Repair Of DNA By Brca2 Gene Prevents Medulloblastoma
Brca2 gene guides the development of the embryonic nervous system by triggering repair of broken DNA in rapidly dividing cells, ensuring normal size and function and preventing medulloblastoma.
Investigators at St. Jude Children's Research Hospital have gained some of the first major insights into how certain genes known to prevent cancer also guide the normal development of the nervous system before birth and during infancy by repairing DNA damage.
The St. Jude researchers demonstrated that the Brca2 gene plays a dual role in the developing nervous system, eliminating errors in the DNA of newly made copies of chromosomes and suppressing the onset of the brain cancer medulloblastoma.
"Our study showed that the Brca2 gene acts as a surveillance mechanism that triggers repair of DNA that is damaged when the cell makes a duplicate set of its chromosomes each time it divides," said Peter McKinnon, Ph.D., associate member of Genetics and Tumor Cell Biology department at St. Jude. "The enormous rate of cell divisions during growth of the cerebellum greatly increases the risk of DNA damage. So the cell must have a way to ensure that the damage is quickly repaired to prevent the accumulation of abnormal cells that can cause abnormalities, such as medulloblastoma." McKinnon is senior author of a report on this work in the advanced online version of "The EMBO Journal" (doi: 10.1038/sj.emboj.7601703).
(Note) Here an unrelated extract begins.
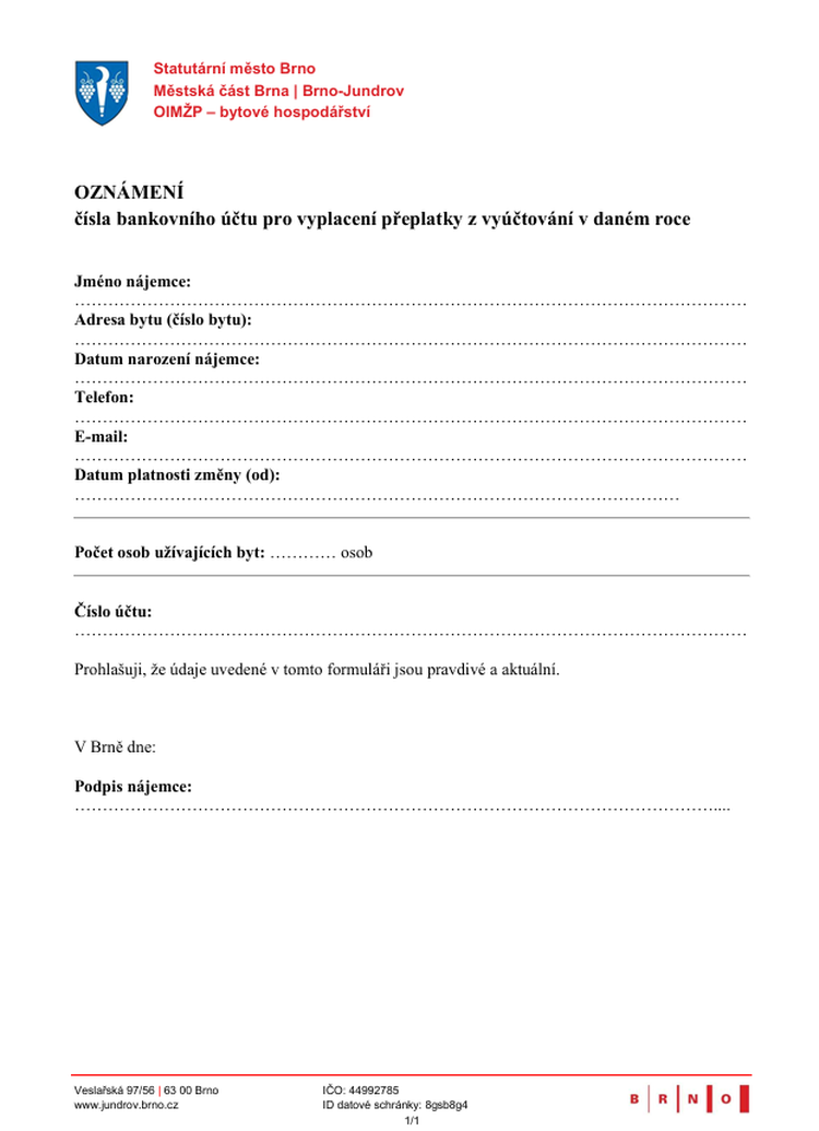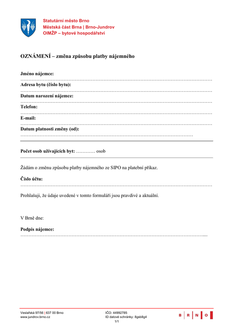 Oznámení o změně způsobu platby nájemného a č. ú. pro přeplatky

Researchers also discovered that another gene, ATM, plays a secondary but important role in protecting the developing nervous system by triggering apoptosis in cells that have stopped dividing but still contain DNA damage. ATM prevents these abnormal cells, called granule precursors, from becoming incorporated into the developing cerebellum. In this way, ATM plays a backup role in further ensuring normal gene function after the period of rapid growth is complete.
"Our work is a significant step in understanding the interplay of genes linked to DNA repair and their role in preventing disease," said Pierre-Olivier Frappart, Ph.D., a postdoctoral researcher in McKinnon's laboratory, who did much of the work on this project. "As more mouse models lacking specific genes in certain tissues become available, we'll be able to further determine the relationships among various DNA repair pathways during the development of the nervous system."